The BBC will investigate whether or not the princess was coerced into the tell-all interview.

Prince William has issued a rare statement, speaking out on the investigation into his mother Princess Diana's infamous 1995 BBC interview.

"The independent investigation is a step in the right direction," he said in the statement. "It should help establish the truth behind the actions that led to the Panorama interview and subsequent decisions taken by those in the BBC at the time."

During the interview, Princess Diana dropped bombshell upon bombshell of revelations about her life in the royal family, discussing her bulimia as well as Prince Charles's affair with Camilla.

Last month, it was reported that BBC would investigate whether Diana was coerced into the interview under false pretenses by journalist Martin Bashir.
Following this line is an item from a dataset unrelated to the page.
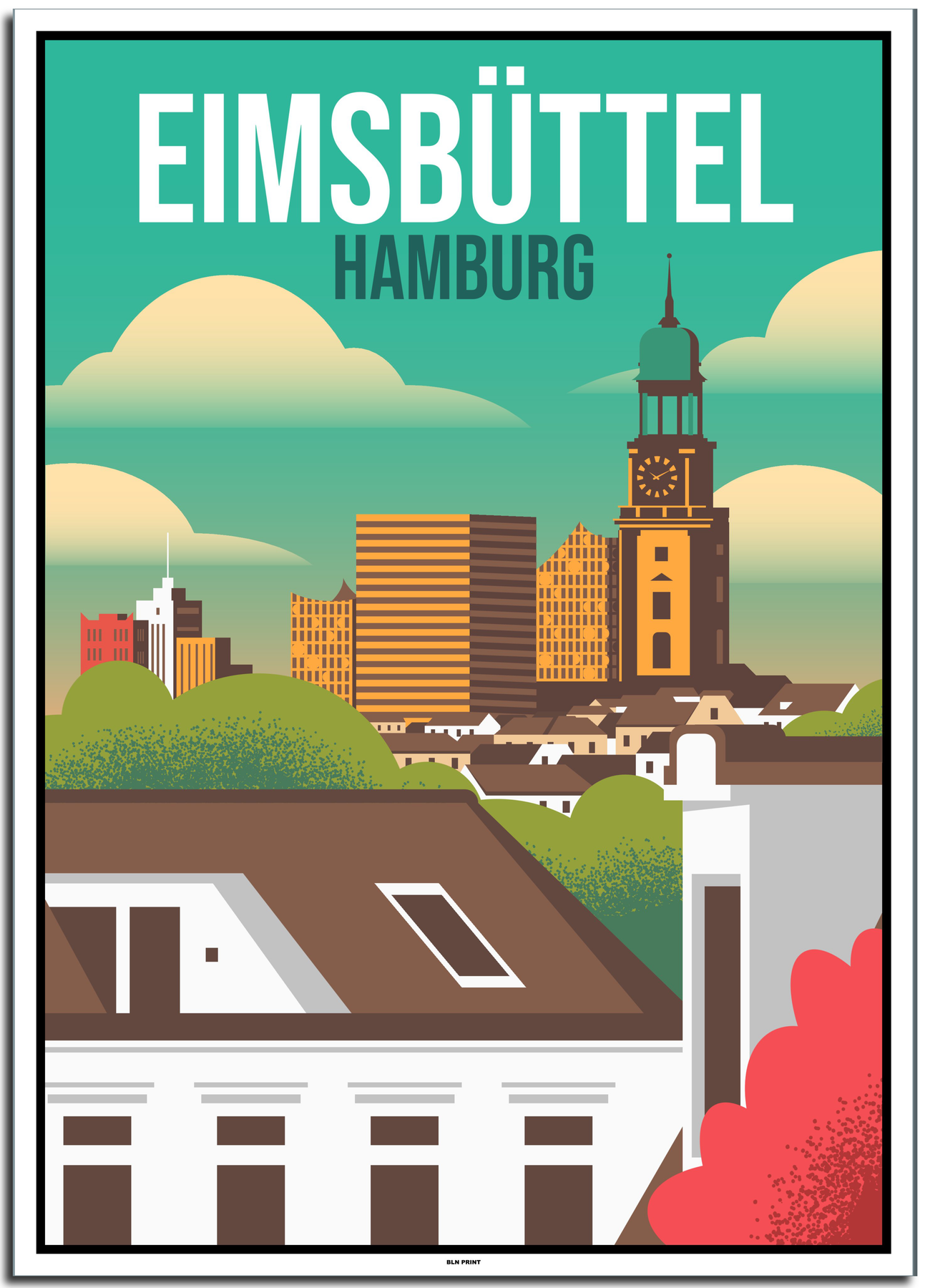 vintage kunstdruck poster hamburg eimsbüttel #30x40cm-weier-farbrand

Her brother, Charles Spencer, has rallied for an inquiry, and has spoken out about how Bashir, at the time, had a BBC graphic designer mock up fake bank statements that gave the impression that people close to the Spencer family were selling stories to newspapers, convincing Charles to introduce him to Diana, and thereby securing the interview.

Princess Diana Prince William LEAD
Princess Diana and Prince William in 1991.

Bashir was cleared of wrongdoing in 1996 after an internal investigation, and BBC has apologized, but Charles has not accepted the apology.

"When the BBC say they’ve ‘apologised’ to me, what they’ve apologised for is showing me false bank statements relating to a lesser, unrelated, matter," he said. "They haven’t apologised for the fake bank statements and other deceit that led to me introducing Martin Bashir to my sister."

"Many people are, quite understandably, asking why I’ve waited till now to come forward with the truth about how the @BBCPanorama with my sister came about," he tweeted earlier this month. "While I knew that Martin Bashir used fake bank statements and other dishonesty to get my sister to do the interview, what I only found out 2 weeks ago, thanks to journalist Andy Webb’s persistent use of the Freedom of Information Act, is that the BBC also knew. Not only knew about it, but that they covered it up."